> **Exercise**
Repeat the entries exactly, and do not carry the pictures over.

□ □ □ □

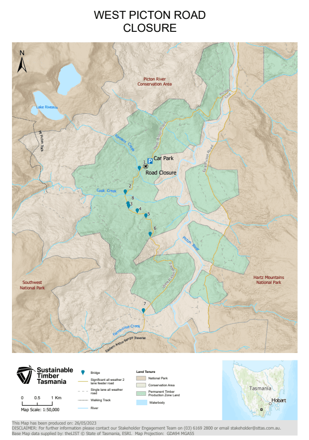 The Eastern Arthur Range Traverse (Farmhouse Creek Track) will remain open to bushwalkers with the development of a vehicle turn around and car parking bay at the junction of the West Picton Road closure location (just prior to Cooks Creek) provided by Tasmania Parks and Wildlife Service and Sustainable Timber Tasmania.
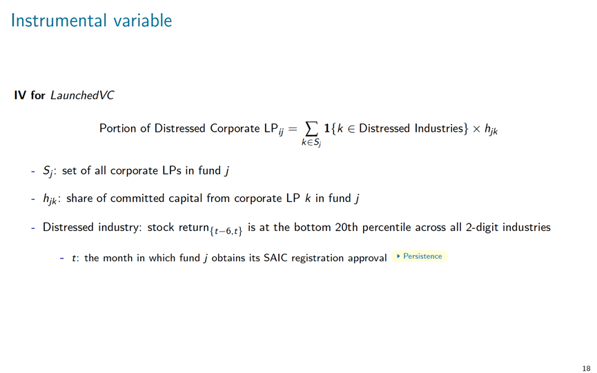 刘通老师还通过具体的案例来阐释他们的实证设计和识别策略。他展示了一个具体的案例,通过分析一个特定的风险资本基金和其最大的企业LP,来说明他们是如何追溯和分析数据的。他们关注了企业LP所在行业的财务困境,并将这与基金的启动成功或失败联系起来。在这个案例中,他们追溯了一个大型企业LP在基金获得注册批准前六个月的行业股票回报率,以此来评估该企业LP的财务困境程度。此外,他还讨论了对企业LP所在行业冲击的分析,这些外生冲击可能影响了企业LP对基金的承诺,进而影响了基金的启动。主要的识别假设是,企业 LP 在基金注册获批前六个月所经历的行业状况仅通过风险投资基金是否成功发起来影响单个 LP 的创业活动。他们将这些行业冲击与基金成功启动的概率相联系,展示了如何使用工具变量来解决潜在的内生性问题。
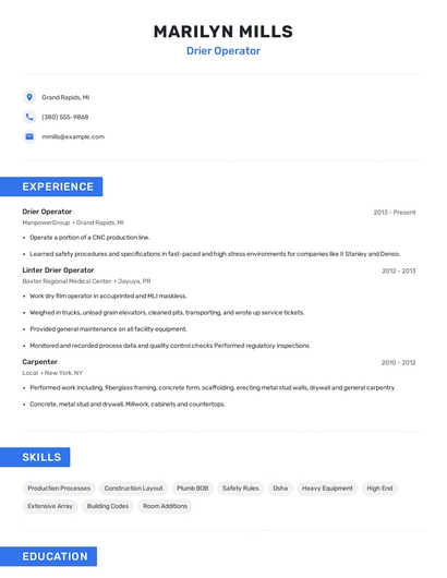 The most important skills for a drier operator resume and required skills for a drier operator to have include:
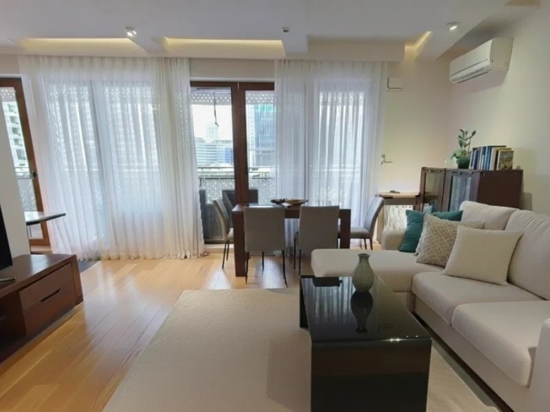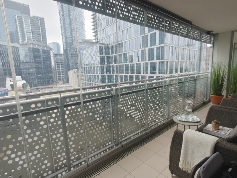 Ekspozycja na dwie strony świata: część dzienna z dużą loggią od południowego-wchodu, z ciekawym widokiem m.in. na wieżowce prężnie rozwijającej się okolicy Ronda Daszyńskiego; obie sypialnie od północnego-zachodu, (ciche, zielone patio).
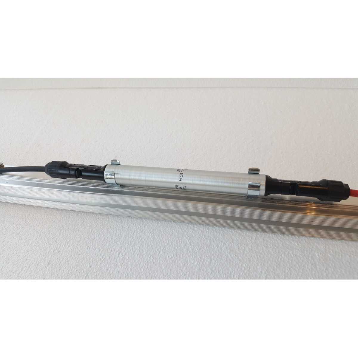Diodo di blocco da 15A integrato in un robusto case di alluminio anodizzato con funzione di dissipatore, e connettori tipo MC4 per un pratico collegamento, fornito con clip di fissaggio.

□ □ □ □

> **Problem solution**
 The Eastern Arthur Range Traverse (Farmhouse Creek Track) will remain open to bushwalkers with the development of a vehicle turn around and car parking bay at the junction of the West Picton Road closure location (just prior to Cooks Creek) provided by Tasmania Parks and Wildlife Service and Sustainable Timber Tasmania.
 刘通老师还通过具体的案例来阐释他们的实证设计和识别策略。他展示了一个具体的案例,通过分析一个特定的风险资本基金和其最大的企业LP,来说明他们是如何追溯和分析数据的。他们关注了企业LP所在行业的财务困境,并将这与基金的启动成功或失败联系起来。在这个案例中,他们追溯了一个大型企业LP在基金获得注册批准前六个月的行业股票回报率,以此来评估该企业LP的财务困境程度。此外,他还讨论了对企业LP所在行业冲击的分析,这些外生冲击可能影响了企业LP对基金的承诺,进而影响了基金的启动。主要的识别假设是,企业 LP 在基金注册获批前六个月所经历的行业状况仅通过风险投资基金是否成功发起来影响单个 LP 的创业活动。他们将这些行业冲击与基金成功启动的概率相联系,展示了如何使用工具变量来解决潜在的内生性问题。
 The most important skills for a drier operator resume and required skills for a drier operator to have include:
 Ekspozycja na dwie strony świata: część dzienna z dużą loggią od południowego-wchodu, z ciekawym widokiem m.in. na wieżowce prężnie rozwijającej się okolicy Ronda Daszyńskiego; obie sypialnie od północnego-zachodu, (ciche, zielone patio).
Diodo di blocco da 15A integrato in un robusto case di alluminio anodizzato con funzione di dissipatore, e connettori tipo MC4 per un pratico collegamento, fornito con clip di fissaggio.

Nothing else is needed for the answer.